_Activity_: Below are some records; quote exactly the lines from the one that contains "Переключатель фаз ПЭФ-320" through the one that contains "Asunnon pohjaratkaisu on", inclusive, and no others.

##### Source data #####

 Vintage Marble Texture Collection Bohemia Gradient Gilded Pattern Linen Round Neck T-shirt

#####
##### Source data #####

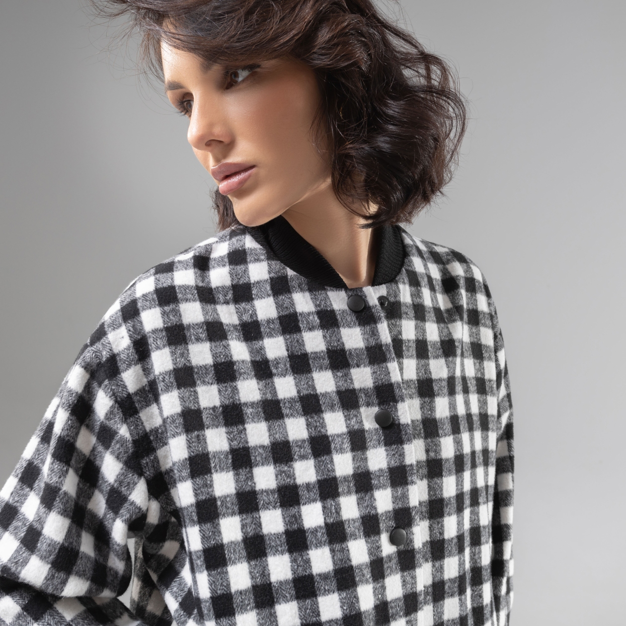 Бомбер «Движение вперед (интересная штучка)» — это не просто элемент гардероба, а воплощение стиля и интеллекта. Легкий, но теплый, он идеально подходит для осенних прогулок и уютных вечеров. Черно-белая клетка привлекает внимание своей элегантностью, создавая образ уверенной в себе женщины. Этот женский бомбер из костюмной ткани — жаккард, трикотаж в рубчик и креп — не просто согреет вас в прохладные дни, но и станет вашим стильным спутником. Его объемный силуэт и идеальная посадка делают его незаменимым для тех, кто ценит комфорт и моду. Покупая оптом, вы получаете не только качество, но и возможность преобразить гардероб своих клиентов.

#####
##### Source data #####

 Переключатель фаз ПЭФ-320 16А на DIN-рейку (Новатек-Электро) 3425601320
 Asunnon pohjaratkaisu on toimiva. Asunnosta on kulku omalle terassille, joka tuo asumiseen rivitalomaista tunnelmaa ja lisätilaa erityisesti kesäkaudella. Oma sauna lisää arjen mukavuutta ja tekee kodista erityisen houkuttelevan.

#####

_Expected answer_:
 Переключатель фаз ПЭФ-320 16А на DIN-рейку (Новатек-Электро) 3425601320
 Asunnon pohjaratkaisu on toimiva. Asunnosta on kulku omalle terassille, joka tuo asumiseen rivitalomaista tunnelmaa ja lisätilaa erityisesti kesäkaudella. Oma sauna lisää arjen mukavuutta ja tekee kodista erityisen houkuttelevan.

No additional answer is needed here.